Task goal :: The records below must be output exactly, without pictures.

= Beginning of Section =

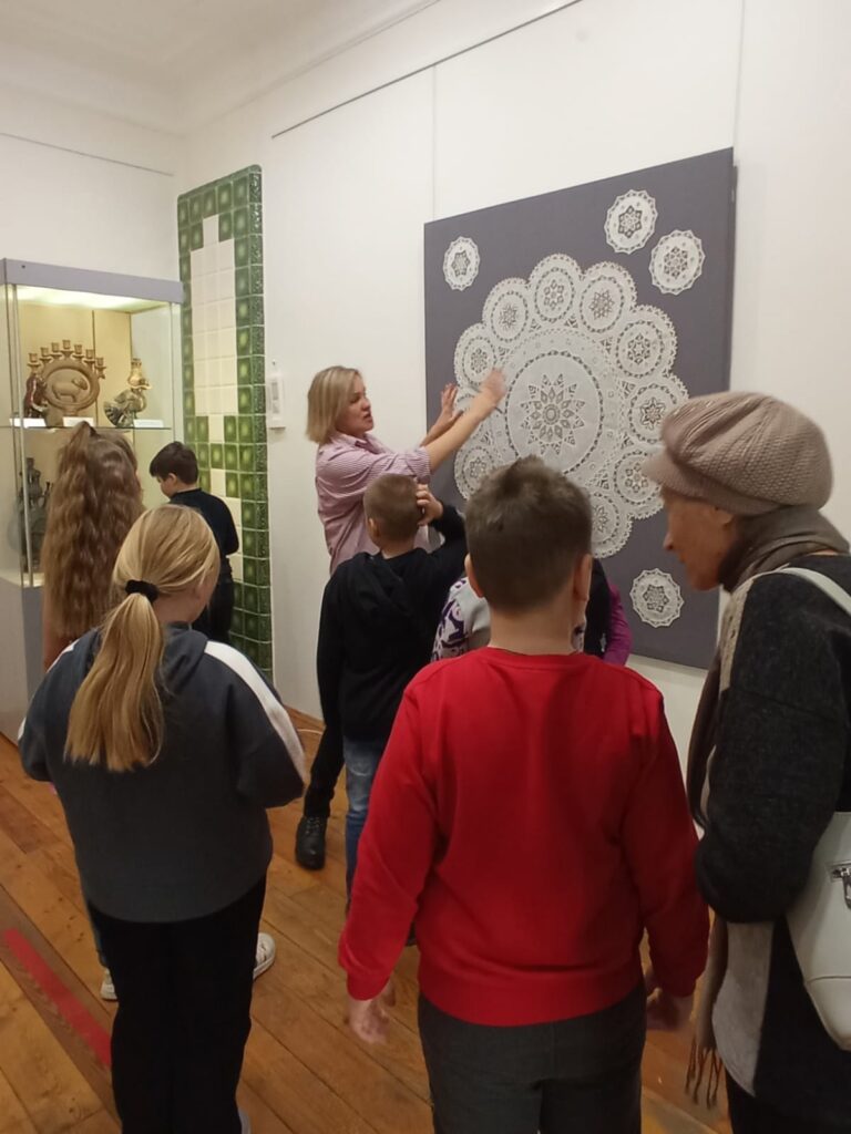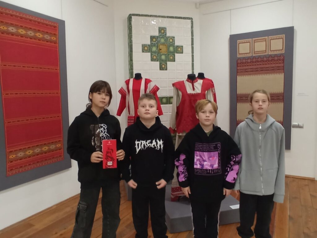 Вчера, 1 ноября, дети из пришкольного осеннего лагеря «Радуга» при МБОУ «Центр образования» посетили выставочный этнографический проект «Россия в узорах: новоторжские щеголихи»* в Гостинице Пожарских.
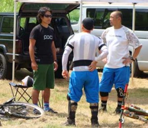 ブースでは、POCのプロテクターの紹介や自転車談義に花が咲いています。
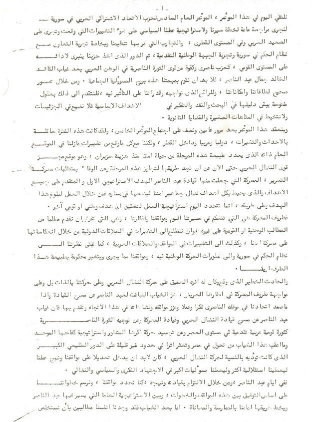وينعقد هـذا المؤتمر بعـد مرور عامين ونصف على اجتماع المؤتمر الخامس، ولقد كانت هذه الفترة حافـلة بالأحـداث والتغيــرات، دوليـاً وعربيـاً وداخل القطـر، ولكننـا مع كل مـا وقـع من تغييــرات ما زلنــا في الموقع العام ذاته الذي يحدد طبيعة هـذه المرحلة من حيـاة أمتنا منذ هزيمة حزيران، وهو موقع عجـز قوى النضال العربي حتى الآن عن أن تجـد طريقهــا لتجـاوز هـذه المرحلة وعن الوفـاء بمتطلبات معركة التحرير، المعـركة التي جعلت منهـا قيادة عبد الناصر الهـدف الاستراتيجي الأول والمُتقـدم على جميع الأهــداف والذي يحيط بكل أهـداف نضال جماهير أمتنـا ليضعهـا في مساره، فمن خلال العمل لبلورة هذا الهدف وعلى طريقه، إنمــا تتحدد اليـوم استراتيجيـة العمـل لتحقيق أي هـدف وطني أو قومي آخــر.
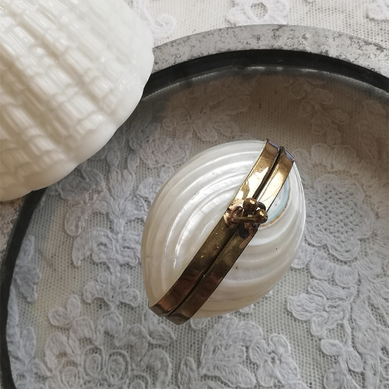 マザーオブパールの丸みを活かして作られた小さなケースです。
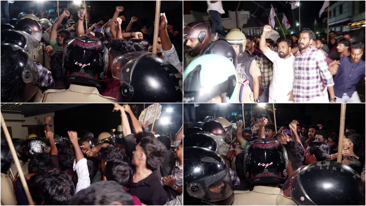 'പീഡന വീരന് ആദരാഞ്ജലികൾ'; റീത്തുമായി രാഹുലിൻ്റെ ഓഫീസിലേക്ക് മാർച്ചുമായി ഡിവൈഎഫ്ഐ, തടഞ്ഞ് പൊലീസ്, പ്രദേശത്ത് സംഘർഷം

= End of Section =

Answer to the problem ::
 Вчера, 1 ноября, дети из пришкольного осеннего лагеря «Радуга» при МБОУ «Центр образования» посетили выставочный этнографический проект «Россия в узорах: новоторжские щеголихи»* в Гостинице Пожарских.
 ブースでは、POCのプロテクターの紹介や自転車談義に花が咲いています。
وينعقد هـذا المؤتمر بعـد مرور عامين ونصف على اجتماع المؤتمر الخامس، ولقد كانت هذه الفترة حافـلة بالأحـداث والتغيــرات، دوليـاً وعربيـاً وداخل القطـر، ولكننـا مع كل مـا وقـع من تغييــرات ما زلنــا في الموقع العام ذاته الذي يحدد طبيعة هـذه المرحلة من حيـاة أمتنا منذ هزيمة حزيران، وهو موقع عجـز قوى النضال العربي حتى الآن عن أن تجـد طريقهــا لتجـاوز هـذه المرحلة وعن الوفـاء بمتطلبات معركة التحرير، المعـركة التي جعلت منهـا قيادة عبد الناصر الهـدف الاستراتيجي الأول والمُتقـدم على جميع الأهــداف والذي يحيط بكل أهـداف نضال جماهير أمتنـا ليضعهـا في مساره، فمن خلال العمل لبلورة هذا الهدف وعلى طريقه، إنمــا تتحدد اليـوم استراتيجيـة العمـل لتحقيق أي هـدف وطني أو قومي آخــر.
 マザーオブパールの丸みを活かして作られた小さなケースです。
 'പീഡന വീരന് ആദരാഞ്ജലികൾ'; റീത്തുമായി രാഹുലിൻ്റെ ഓഫീസിലേക്ക് മാർച്ചുമായി ഡിവൈഎഫ്ഐ, തടഞ്ഞ് പൊലീസ്, പ്രദേശത്ത് സംഘർഷം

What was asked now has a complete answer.